Tão logo, verificados os requisitos de admissibilidade do princípio em consonância ao caso concreto sua aplicação se completa para garantir o estado democrático de direito ao preservar a primeira dimensão dos direitos e garantias fundamentais, onde ressalta o dever de abstenção do Estado.

Acerta assim, o doutrinador Damásio E. de Jesus ao advertir que:

Hoje, adotada a teoria da imputação objetiva, que concede relevância à afetação jurídica como resultado normativo do crime, esse princípio apresenta enorme importância, permitindo que não ingressem no campo penal fatos de ofensividade mínima. (EVANGELISTA DE JESUS,2013, p. 53)

 Resta evidenciado que o princípio da insignificância se inteira com o agrupamento dos requisitos acima relatados, todavia, há delitos que não aceitam a aplicabilidade por sua natureza em si ou pela abrangência de reprovabilidade social. Um exemplo de tal resistência a aplicação do princípio da insignificância pelos tribunais superiores ocorre com os delitos de perigos, onde conforme será explicitado a seguir, é dispensada para tal a efetiva lesão ao bem jurídico tutelado e se configura pela simples exposição ao fato delituoso.
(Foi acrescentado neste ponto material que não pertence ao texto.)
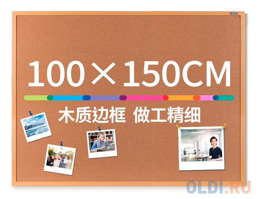 Доска пробковая Deli 50435 пробка желтый 100x150см деревянная рама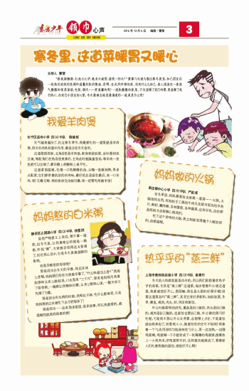 主持人 曹莹 “绿蚁新醅酒,红泥小火炉。晚来天欲雪,能饮一杯无?”寥寥几句就勾勒出寒冬夜里,知己朋友在一起热烈欢快的色调和温馨炽热的情谊。是啊,在北风呼啸的夜,还有什么比知己、亲人围坐在一桌热气腾腾的饭菜面前,吃饭、聊天……更温馨的呢?一道热腾腾的饭菜,不仅温暖了我们的胃,更温暖了我们的心。在我们小朋友的心里,冬天最难忘或是最偏爱的一道菜是什么呢? 我爱羊肉煲 长宁区适存小学 四(4)中队 陈瑜哲 天气越来越冷了,在这寒冬季节,我最爱吃的一道菜就是羊肉煲,因为羊肉具有温补作用,最适合在冬天食用。 这道菜很简单,主角自然是羊肉卷,配角有娃娃菜、金针菇和冻豆腐。等配角们在热汤里煮沸后,主角此时就隆重登场,等羊肉一变色就可以出锅了,最后撒上胡椒粉上桌开吃。 这道菜很温暖,先喝一口热腾腾的汤,从嘴一直暖到胃,再来点配菜,它们都带着浓浓的羊肉味,最好的总是留在最后,来一口羊肉,哇!又嫩又鲜,我的食欲完全被引爆,我一定要吃两碗米饭! 妈妈熬的白米粥 静安区止园路小学 四(3)中队 徐星玥 虽然严格意义上来说,粥不算一道菜,但冬天里,让我最难忘的就是一碗粥。听到“粥”,大家都会觉得这太普通了,而在我心目中,它是冬天里最温暖的食物。你是否感觉很奇怪呢?那是因为在冬天的早晨,我还在床上迷糊,妈妈就已经在为我做早餐了。“什么味道这么香?”我闻到香味从床上跳起来,口水直流“三千尺”,原来是妈妈为我煮了排骨粥。一碗粥让我精神抖擞,从身上暖到心里,一整天学习充满了力量。那是因为在生病的时候,我呕吐不停,吃什么都难受,只有妈妈熬的白米粥吃下去才舒服多了!那是因为……还有很多原因,很多故事,所以我最爱的、最温暖的就是妈妈煮的粥! 妈妈做的火锅 莘庄镇中心小学 四(9)中队 严歆彧 在冬季里,妈妈最爱给全家做一道菜——火锅。火锅里的东西,有妈妈手工做的牛肉丸及超市里买的羊肉片、鲜虾、蟹肉棒、各种菌菇、各种蔬菜,应有尽有。这些都是妈妈为全家精心挑选的。吃下这个美味的火锅,我立刻就觉得整个人暖烘烘的,倍感温暖。 热乎乎的“蒸三鲜” 上海市教科院实验小学 四(3)中队 俞青竹 冬天给人的感觉就是冷冷的,所以我们家都喜欢热乎乎的汤菜,尤其是“蒸三鲜”这道菜。每次看着外公烧这道菜,我都感觉好开心。原因嘛:我也是大厨的好帮手哦!别看这道菜名叫“蒸三鲜”,其实它有好多配料,如娃娃菜、冬笋、熏鱼、咸肉、肉丸、虾、肉皮和蛋饺。 外公对做菜特别讲究,熏鱼是自己做的,肉丸是自己做的,咸肉是自己腌的,连蛋饺也要自己做。外公做的菜可好吃啦,可是我不想让外公太劳累,总想帮上点忙,于是蛋饺就由我承包了。别看我人小,做蛋饺的历史可不短呢!我拿着一个勺,先用油均匀地涂抹在勺子上,再一边加热,一边倒鸡蛋糊,鸡蛋糊一下子就变成了一张薄薄的鸡蛋饼,接着放上一小块肉末,把鸡蛋饼对折,这样蛋饺就做成了。看着家人们吃着我做的蛋饺,感觉好开心啊!

É imperioso destacar que os tipos penais estudados no ordenamento jurídico pátrio sofrem uma classificação doutrinaria, de modo a facilitar o estudo e a classificação dos delitos levando em conta uma série de fatores como por exemplo, forma de consumação, bem jurídico afetados, dentre outros motivos que aproximam ou afastam algumas infrações umas das outras.

Destarte as rotulações doutrinarias das características mais importantes resta salientar sobre a divisão dos crimes entre aqueles denominados de crimes de perigo e os crimes de dano, que são discriminados conforme o resultado aferido ao bem jurídico tutelado, ou que podem vir a acontecer.

Sobre os crimes de dano acentua Guilherme Nucci (2017) serem aqueles que se consumam com a efetiva lesão ao bem jurídico tutelado, trata-se então de um real prejuízo, material e perceptível pelos sentidos humanos, como por exemplo o crime de homicídio, art. 121 do código penal. Em contrassenso deve-se analisar os crimes de perigo como aqueles formalmente tipificados, uma vez que não trazem efetivo decréscimo material, agindo de meio preventivo ao delito mais grave.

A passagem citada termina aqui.